Task to carry out:
When you reach the line containing "- Wohnzimmer mit" in the records below, start copying exactly, and stop once you have copied the line containing "探究课3由化学组党文萍老师进".

Dataset entries:
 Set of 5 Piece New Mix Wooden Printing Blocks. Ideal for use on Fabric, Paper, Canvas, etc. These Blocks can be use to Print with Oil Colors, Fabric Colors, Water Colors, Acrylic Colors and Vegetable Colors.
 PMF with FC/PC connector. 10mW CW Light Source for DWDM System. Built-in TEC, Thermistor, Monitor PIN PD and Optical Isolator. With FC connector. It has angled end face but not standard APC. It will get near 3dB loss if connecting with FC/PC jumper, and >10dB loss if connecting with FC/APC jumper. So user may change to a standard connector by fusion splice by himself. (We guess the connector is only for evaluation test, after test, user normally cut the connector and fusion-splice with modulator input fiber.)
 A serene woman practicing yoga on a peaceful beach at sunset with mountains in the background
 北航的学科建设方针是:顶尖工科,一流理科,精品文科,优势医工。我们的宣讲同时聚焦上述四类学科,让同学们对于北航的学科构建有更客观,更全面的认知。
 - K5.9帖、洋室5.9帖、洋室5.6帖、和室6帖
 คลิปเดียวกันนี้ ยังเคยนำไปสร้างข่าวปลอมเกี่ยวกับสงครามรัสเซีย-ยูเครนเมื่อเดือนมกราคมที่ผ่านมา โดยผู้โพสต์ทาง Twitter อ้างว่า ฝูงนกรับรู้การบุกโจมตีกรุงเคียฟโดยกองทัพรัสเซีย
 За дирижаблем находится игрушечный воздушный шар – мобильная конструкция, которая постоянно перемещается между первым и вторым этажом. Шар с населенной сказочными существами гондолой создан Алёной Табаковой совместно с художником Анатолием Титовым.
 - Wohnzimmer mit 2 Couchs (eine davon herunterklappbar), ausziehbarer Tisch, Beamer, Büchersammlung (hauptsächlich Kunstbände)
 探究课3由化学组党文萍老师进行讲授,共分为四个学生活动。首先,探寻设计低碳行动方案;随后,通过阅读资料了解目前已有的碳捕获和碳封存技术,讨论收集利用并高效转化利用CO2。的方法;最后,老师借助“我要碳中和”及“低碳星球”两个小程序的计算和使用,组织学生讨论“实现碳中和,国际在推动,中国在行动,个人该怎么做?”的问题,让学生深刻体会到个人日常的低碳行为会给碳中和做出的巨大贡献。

---

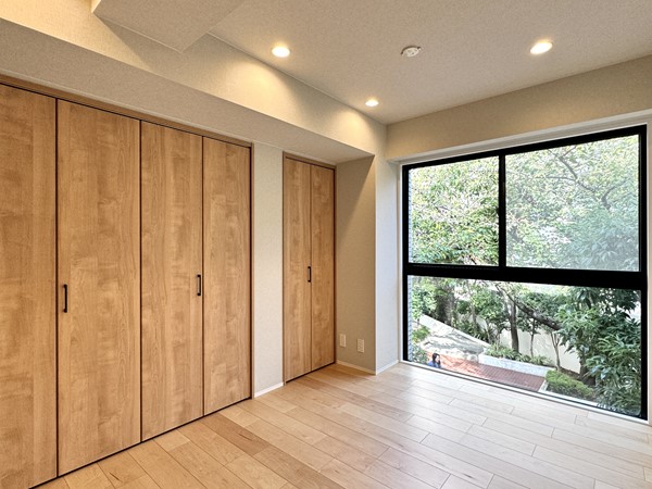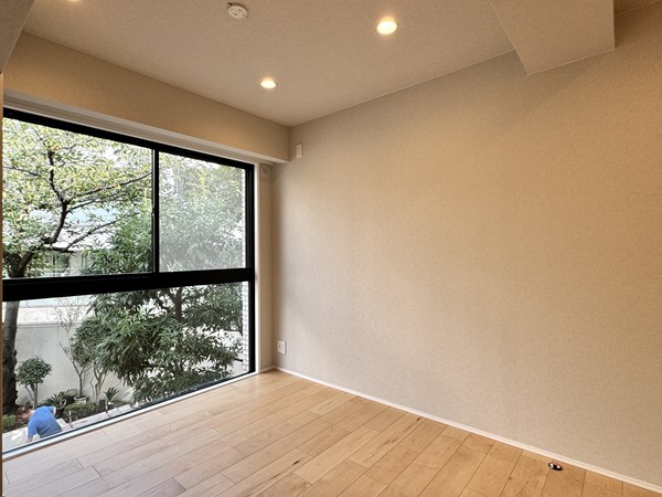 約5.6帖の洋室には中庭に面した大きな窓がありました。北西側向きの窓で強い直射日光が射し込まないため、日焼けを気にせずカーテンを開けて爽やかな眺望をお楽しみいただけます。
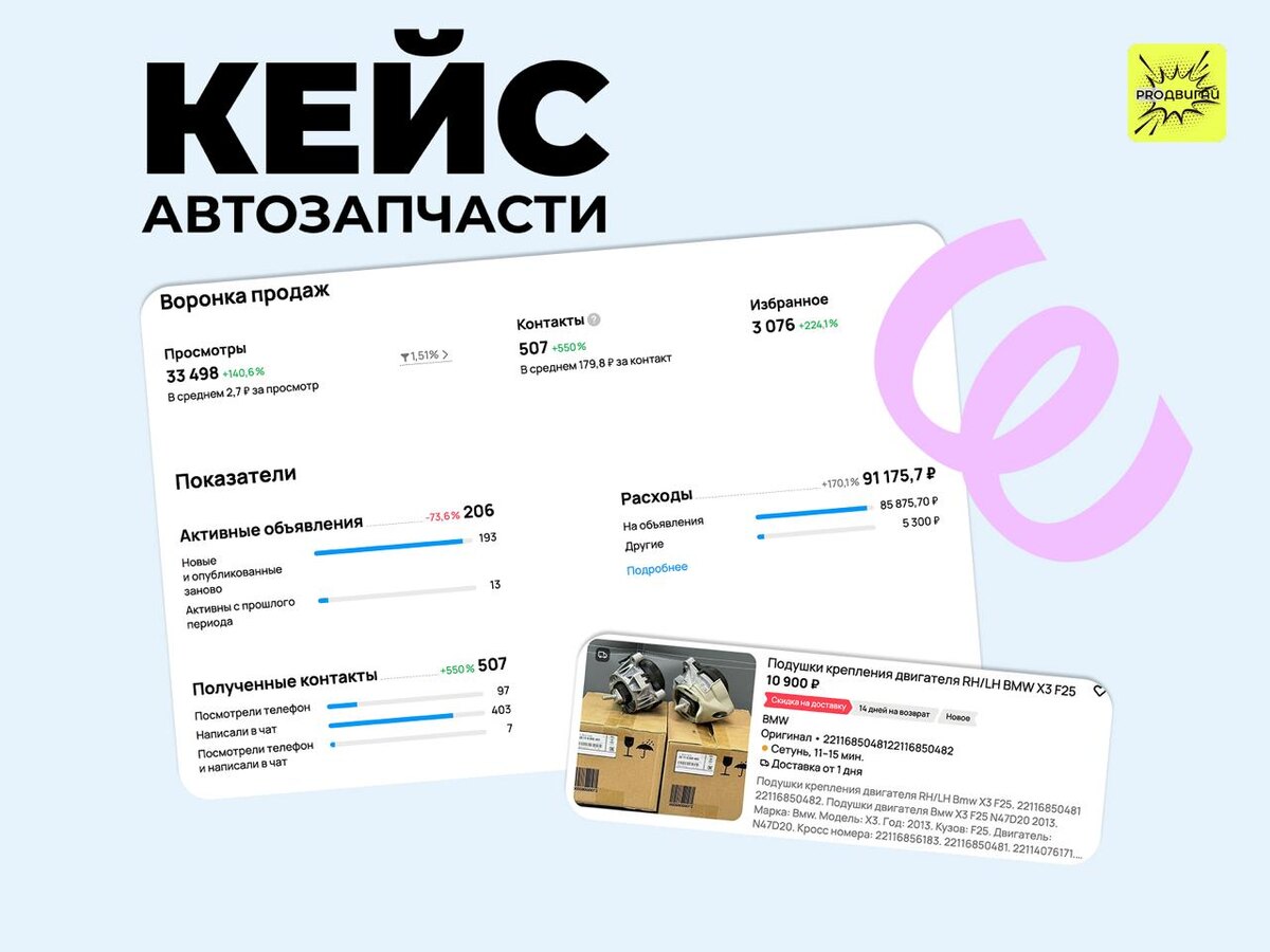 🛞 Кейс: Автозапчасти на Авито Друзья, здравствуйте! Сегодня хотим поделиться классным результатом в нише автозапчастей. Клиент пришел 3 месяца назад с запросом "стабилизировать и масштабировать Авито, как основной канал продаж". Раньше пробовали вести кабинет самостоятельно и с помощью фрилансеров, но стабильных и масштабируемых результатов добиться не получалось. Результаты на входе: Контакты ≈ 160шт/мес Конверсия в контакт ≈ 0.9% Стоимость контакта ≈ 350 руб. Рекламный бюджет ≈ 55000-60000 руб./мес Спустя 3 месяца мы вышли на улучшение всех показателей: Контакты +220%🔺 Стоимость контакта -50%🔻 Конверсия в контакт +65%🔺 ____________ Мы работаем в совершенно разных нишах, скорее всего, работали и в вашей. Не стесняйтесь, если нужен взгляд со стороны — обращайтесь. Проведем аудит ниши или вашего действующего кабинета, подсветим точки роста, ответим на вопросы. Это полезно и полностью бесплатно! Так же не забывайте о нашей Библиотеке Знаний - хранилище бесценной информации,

Exercise result:
 - Wohnzimmer mit 2 Couchs (eine davon herunterklappbar), ausziehbarer Tisch, Beamer, Büchersammlung (hauptsächlich Kunstbände)
 探究课3由化学组党文萍老师进行讲授,共分为四个学生活动。首先,探寻设计低碳行动方案;随后,通过阅读资料了解目前已有的碳捕获和碳封存技术,讨论收集利用并高效转化利用CO2。的方法;最后,老师借助“我要碳中和”及“低碳星球”两个小程序的计算和使用,组织学生讨论“实现碳中和,国际在推动,中国在行动,个人该怎么做?”的问题,让学生深刻体会到个人日常的低碳行为会给碳中和做出的巨大贡献。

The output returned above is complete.